2. Compute $\vec{P} = A \times (B \vec{r}) - C\vec{r}$.
3. Output "Yes" if $\vec{P} = (0,0,\ldots,0)^T$; "No," otherwise.

===Error===
If $A \times B = C$, then the algorithm always returns "Yes". If $A \times B \neq C$, then the probability that the algorithm returns "Yes" is less than or equal to one half. This is called one-sided error.

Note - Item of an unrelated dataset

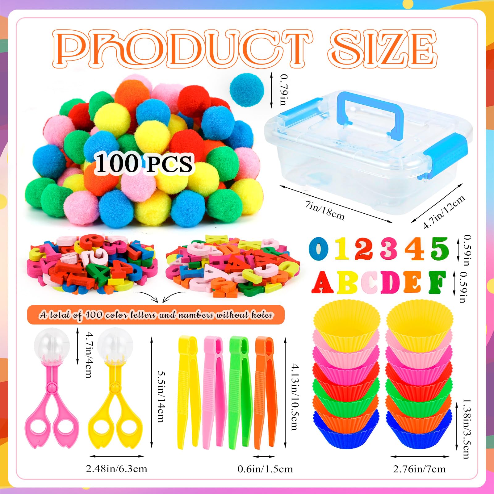 • Counting Sorting Toys Decorations: you will receive 100 pcs pom poms, 100 pcs of wooden letters and numbers, 2 pcs of scissors clips, 4 pcs of plastic tweezers, 14 pcs of sorting cups, 1 piece of storage bin with lid, 132 pieces in total, sufficient quantity to meet your use

By iterating the algorithm k times and returning "Yes" only if all iterations yield "Yes", a runtime of $O(kn^2)$ and error probability of $\leq 1/2^k$ is achieved.

==Example==
Suppose one wished to determine whether:
$$AB =
\begin{bmatrix}
 2 & 3 \\
 3 & 4
\end{bmatrix}
\begin{bmatrix}
 1 & 0 \\
 1 & 2
\end{bmatrix}
\stackrel{?}{=}
\begin{bmatrix}
 6 & 5 \\
 8 & 7
\end{bmatrix}
= C.$$
A random two-element vector with entries equal to 0 or 1 is selected – say $$\vec{r} = \begin{bmatrix}1 \\ 1\end{bmatrix}$$ – and used to compute:
$$\begin{align}
A \times (B \vec{r}) - C\vec{r} & =
\begin{bmatrix}
 2 & 3 \\
 3 & 4
\end{bmatrix}
\left(
\begin{bmatrix}
 1 & 0 \\
 1 & 2
\end{bmatrix}
\begin{bmatrix}1 \\ 1\end{bmatrix}
\right)
\begin{bmatrix}
 6 & 5 \\
 8 & 7
\end{bmatrix}
\begin{bmatrix}1 \\ 1\end{bmatrix} \\
& =
\begin{bmatrix}
 2 & 3 \\
 3 & 4
\end{bmatrix}
\begin{bmatrix}1 \\ 3\end{bmatrix}
\begin{bmatrix}11 \\ 15\end{bmatrix} \\
& =
\begin{bmatrix}11 \\ 15\end{bmatrix}
\begin{bmatrix}11 \\ 15\end{bmatrix} \\
& =
\begin{bmatrix}0 \\ 0\end{bmatrix}.
\end{align}$$
This yields the zero vector, suggesting the possibility that AB = C. However, if in a second trial the vector $$\vec{r} = \begin{bmatrix}1 \\ 0\end{bmatrix}$$ is selected, the result becomes:
$$A \times (B \vec{r}) - C\vec{r} =
\begin{bmatrix}
 2 & 3 \\
 3 & 4
\end{bmatrix}
\left(
\begin{bmatrix}
 1 & 0 \\
 1 & 2
\end{bmatrix}
\begin{bmatrix}1 \\ 0\end{bmatrix}
\right)
\begin{bmatrix}
 6 & 5 \\
 8 & 7
\end{bmatrix}
\begin{bmatrix}1 \\ 0\end{bmatrix}
=
\begin{bmatrix}-1 \\ -1\end{bmatrix}.$$
The result is nonzero, proving that in fact AB ≠ C.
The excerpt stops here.